This research had some limitations. The simulation studies considered limited numbers of replications and conditions out of all the possibilities that may be seen in MFC testing applications due to the very long run-times. Development of alternative estimation methods that can reduce computation time would be a worthy topic for future research. In addition, these simulations explored parameter recovery exclusively with 10-dimension tests, but MFC tests of higher (and lower) dimensionality are used in some applied settings (e.g., Brown & Bartram, 2009; Stark et al., 2014). Thus, additional simulation research is needed to explore the accuracy of GGUM-RANK scoring with measures involving greater (and fewer) than 10 dimensions.

This research also considered just two levels of intrablock location parameter variability. Future simulations should examine a wider variety of location SD conditions and deliberately explore estimation with all positively or negatively worded statements within MFC blocks. This would complement the research by Brown and Maydeu-Olivares (2011) suggesting that MFC items should be created by mixing positively and negatively worded statements to ensure more accurate estimation with their Thurstonian IRT model. If future GGUM-RANK research finds that all positive or all negative statements can be used in MFC blocks without adversely affecting parameter estimation, then there will be potentially greater resistance to faking and related forms of response distortion.

Moreover, this research focused on single-sample statement and person parameter estimation. To facilitate applications, research is needed to develop methods for assessing GGUM-RANK model-data fit, linking parameters across subpopulations, and concurrent calibration. This line of research would provide a foundation for GGUM-RANK differential item functioning (DIF) detection that is important for answering questions about fairness in high-stakes settings, as well as score comparisons with partially overlapping forms that may be of interest in multinational assessment contexts.

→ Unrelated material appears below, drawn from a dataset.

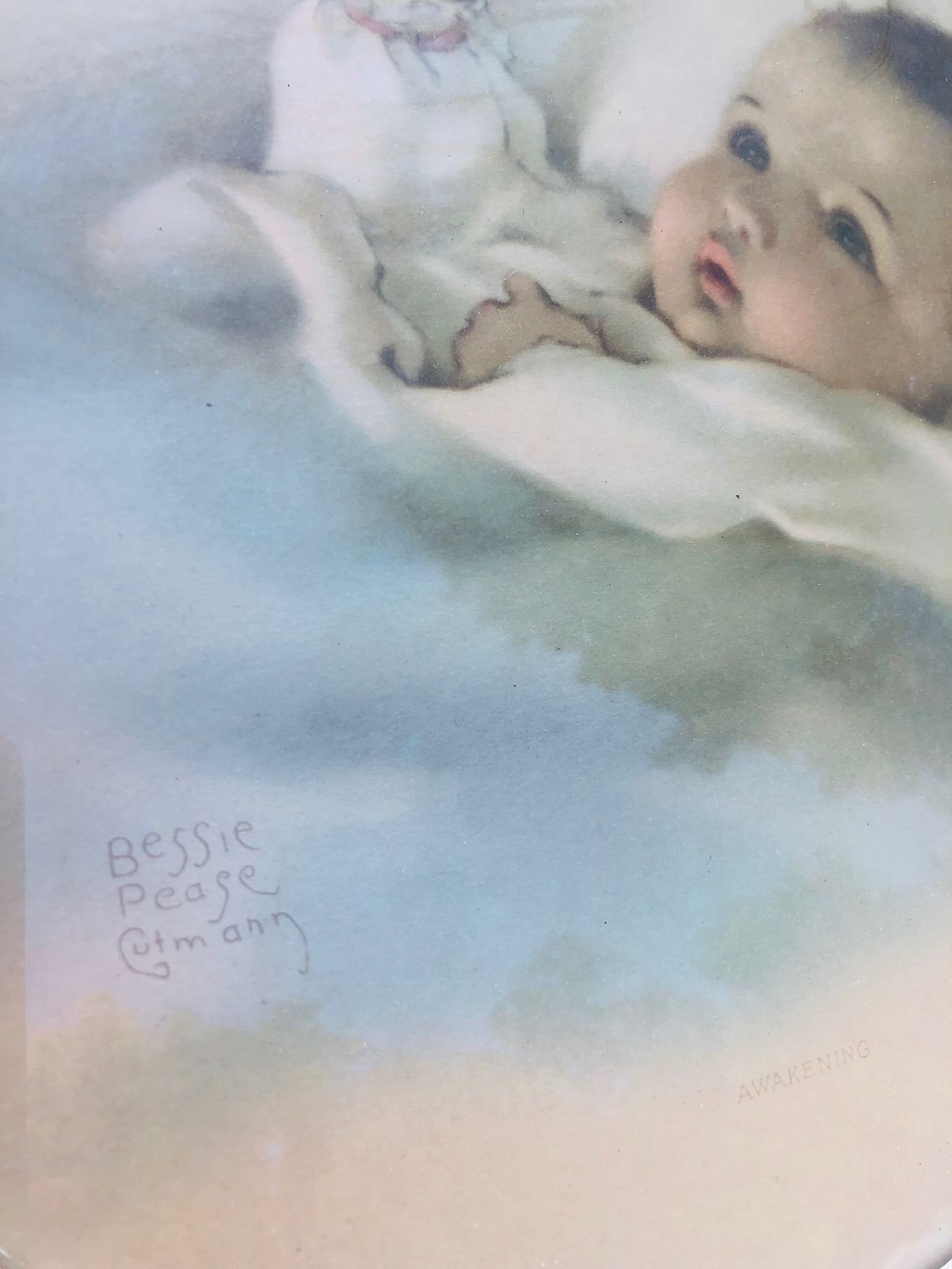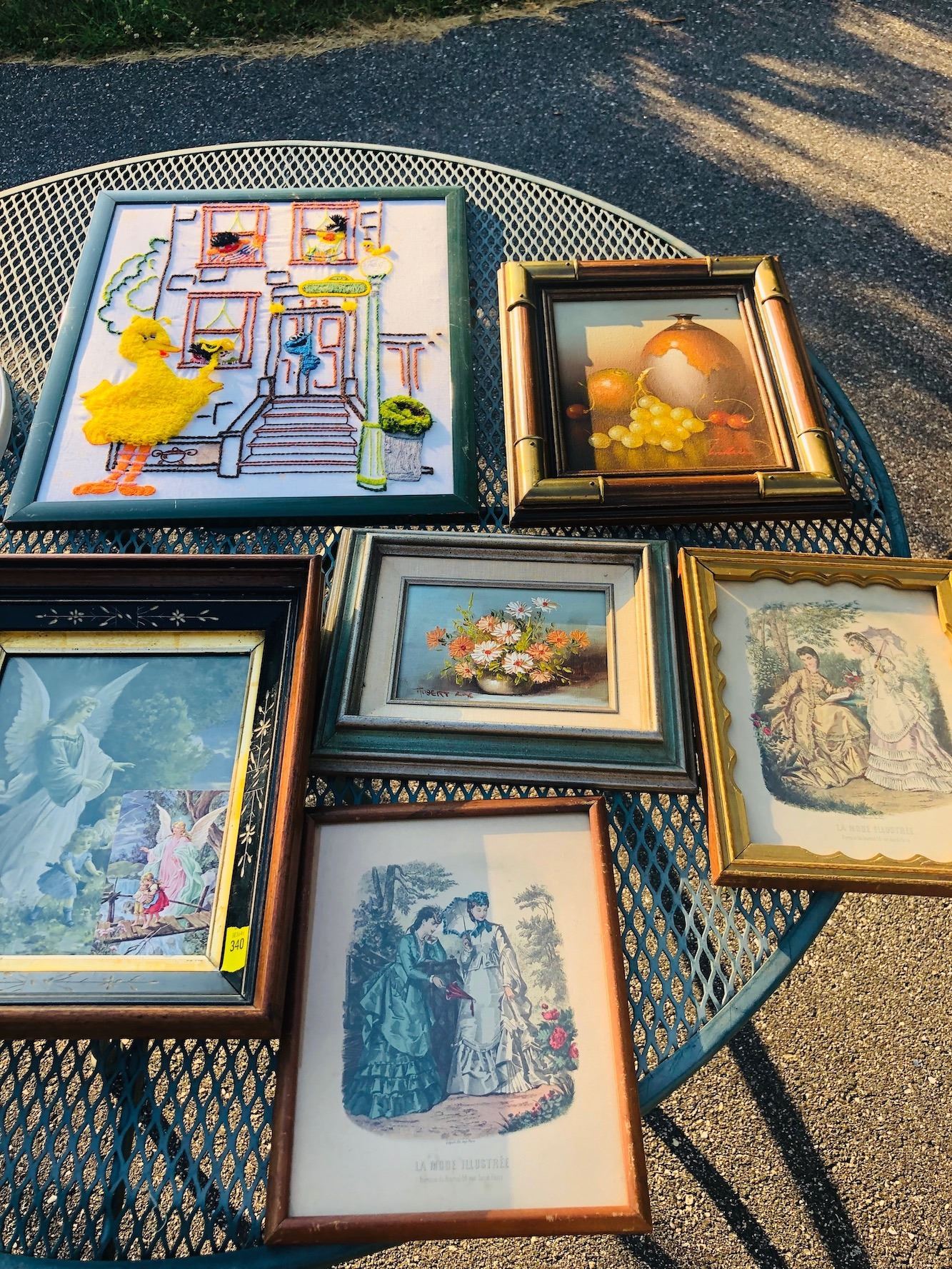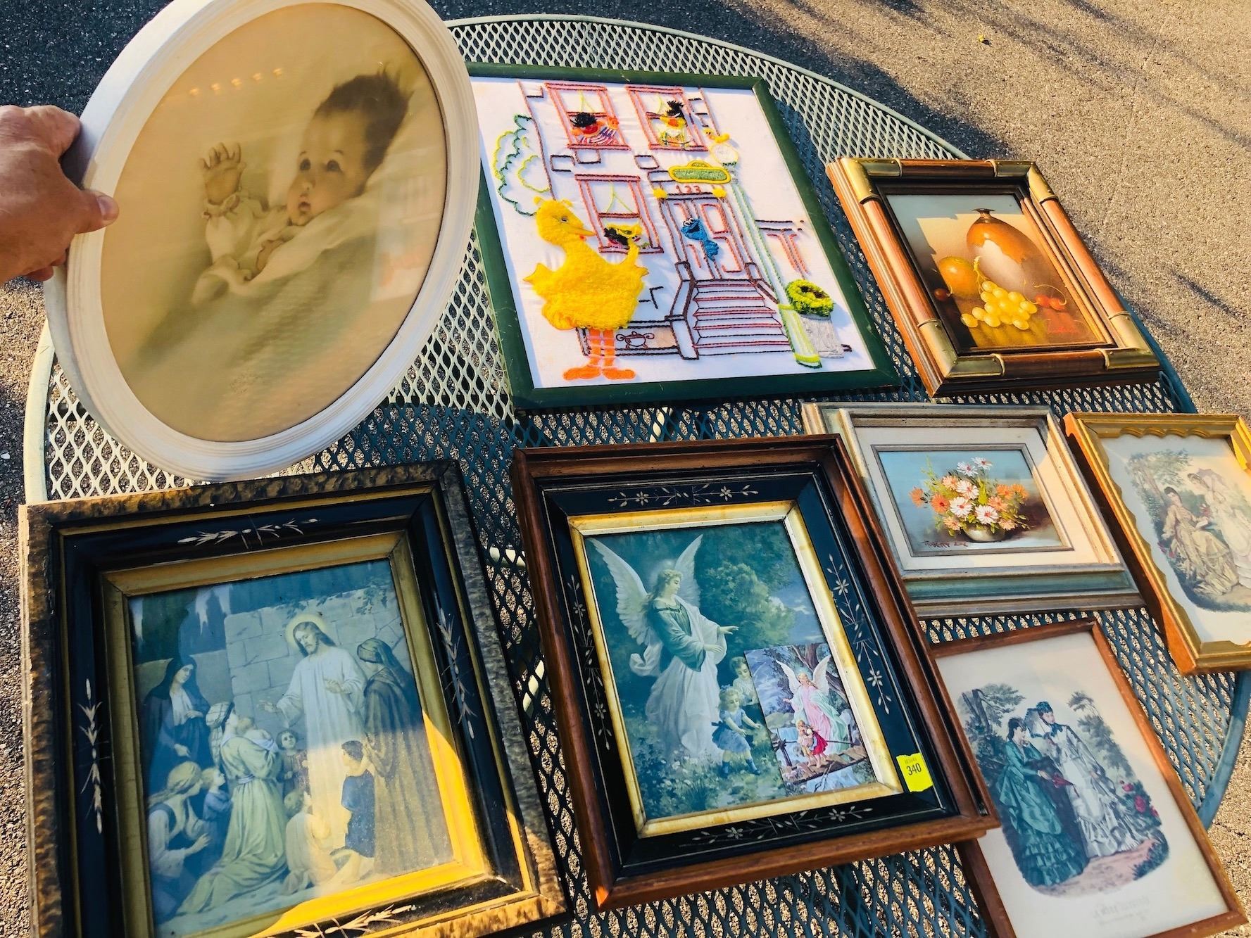 Estate artwork lot includes Godey Girls lithograph, small framed still lifes, religious framed prints, sampler, and Bessie Pease Cutmann baby lithograph.

In closing, there is increasing interest in the use of MFC measures for noncognitive measurement. This research expanded on previous investigations (Hontangas et al., 2015; Seybert, 2013; Stark et al., 2005) by introducing an MCMC algorithm for estimating GGUM-RANK statement and person parameters from MFC triplet responses. It is hoped that this research provides a solid foundation for field applications and a springboard for new psychometric developments.

Supplementary Material

Supplementary Material, APM-17-04-070.R2.GGUM-RANK_Online_Supplement – GGUM-RANK Statement and Person Parameter Estimation With Multidimensional Forced Choice Triplets

Supplementary Material, APM-17-04-070.R2.GGUM-RANK_Online_Supplement for GGUM-RANK Statement and Person Parameter Estimation With Multidimensional Forced Choice Triplets by Philseok Lee, Seang-Hwane Joo, Stephen Stark and Oleksandr S. Chernyshenko in Applied Psychological Measurement

Footnotes

Author’s note: Oleksandr S. Chernyshenko is currently affiliated with the University of Western Australia

Declaration of Conflicting Interests: The author(s) declared no potential conflicts of interest with respect to the research, authorship, and/or publication of this article.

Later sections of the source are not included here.